29 Haziran 2009 Pazartesi

Hayat bazen çok gıcıksın!

Haftasonu yaptığım pancakeleri anlatacaktım, ta ki canım sıkılana, enerjim düşene kadar. Halbuki öğlen tavla turnuvasından kazandığım magnum yüzünden gayet keyifliydim.

Bugün, iş yerinden sevdiğim arkadaşlarımın ayrıldığını geç de olsa öğrendim. Canları biraz sıkkınmış, konuşamadık bile doğru dürüst. Moralim bozuldu. Hava da kapalıydı zaten, iki gündür olduğu gibi. Temmuz başındayız hava, bilmem farkında mısın? Yaz günü kış soğuğu yaşamak istemiyorum artık. Zaten ıslandım da bugün. Islanmaktan nefret ediyorum. Beyaz spor ayakkabılarım artık beyaz değil. Şu Vespamı da bir alamadım zaten. Güzel bir yazı yazmak istemiştim, onu bile yazamadım. Hayat, bazen çok gıcık olduğunun farkında mısın?

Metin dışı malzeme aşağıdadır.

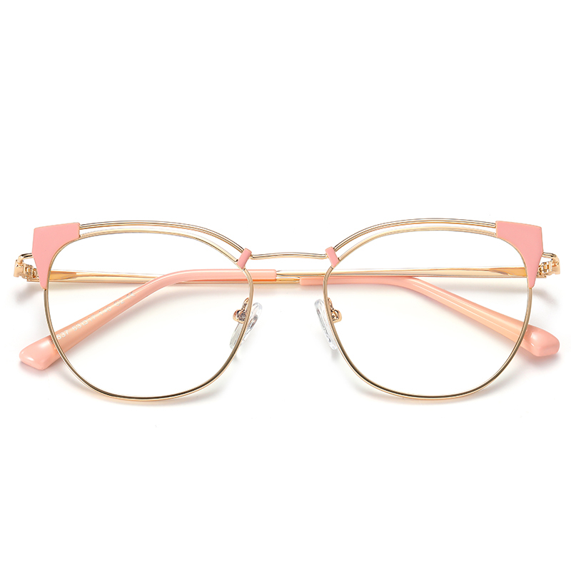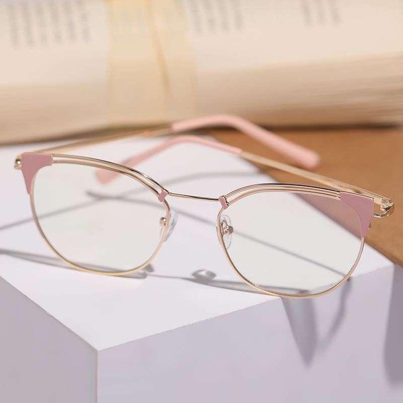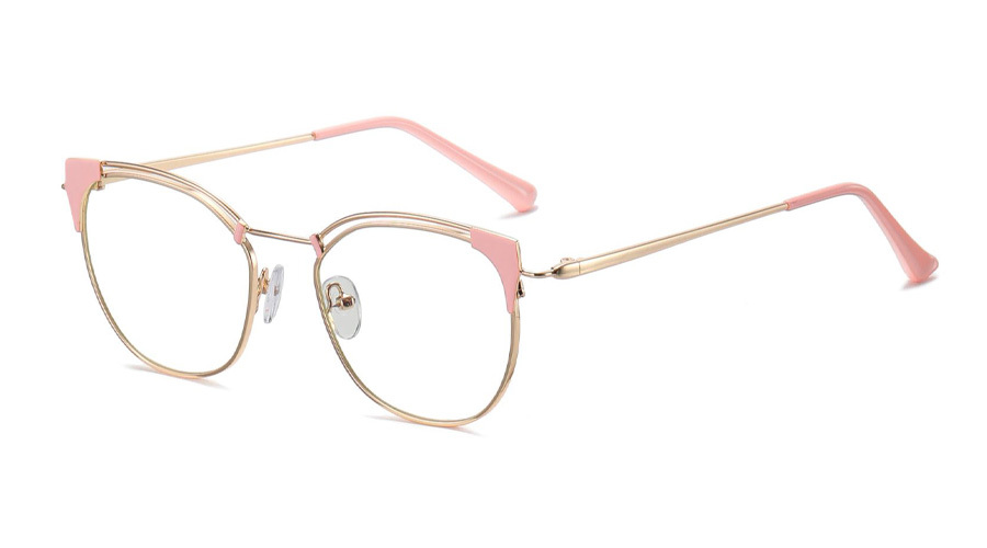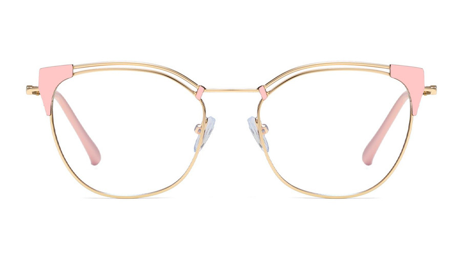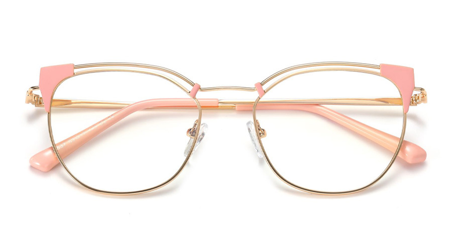 Show your sophisticated side in these modern cat-eye glasses. The metal cat-ear-shaped frame features a cut-out detail on the outer corners. The look features adjustable nose pads and High-quality plastic temple tips for added comfort.

Hayat, çok açık ki seninle bugün bir zorum var. Bugün git, yarın daha adil bir şekilde dön lütfen.

Bekliyor olacağım.

26 Haziran 2009 Cuma

24 Haziran 2009 Çarşamba

Zorunlu Tercih

Bugün maalesef iki durumla da karşılaştığım için karar vermekte zorlandım, soruyorum. Sizce hangisi daha dayanılmaz bir durumdur?
  • Dayanılmaz derecede, maruz kalınan ter kokusu mu (dayanılır da yok zaten),
  • Yoksa yine sıcak mı sıcak bir havada maruz kalınan, burun deliklerini tahriş edecek derecedeki ağır mı ağır parfüm kokusu mu?

Kabus gibi, ben tercih bile yapamıyorum da!

23 Haziran 2009 Salı

Türkiye'nin Ensest Raporu

Eve geldim, bilgisayarımı açtığımda ana sayfam olan ntvmsnbc'de bir başlık hemen gözüme çarptı: "Anneler bu habere dikkat!".

"Türkiye'nin ensest raporu" alt başlığı ile verilen haberde ensest ilişkilerin Türkiye'deki durumunu gösteren ve Adana, Ankara, Diyarbakır, Erzurum, İstanbul ve Kocaeli'de yapılan saha çalışması ile ortaya konan bir rapordan bahsediliyor. Rapor, ensest vakaları ile farklı alanlarda karşılaşan rehber öğretmen, sınıf öğretmeni, psikiyatr, çocuk doktoru, çocuk cerrahı, adli tıp uzmanı, halk sağlığı uzmanı, ebe, polis, hâkim, savcı, avukat, psikolog, sosyal hizmet uzmanı, sosyolog ve sivil toplum kurumu çalışanlarından oluşan toplam 98 kişi ile yapılan derinlemesine görüşmelere dayanıyormuş.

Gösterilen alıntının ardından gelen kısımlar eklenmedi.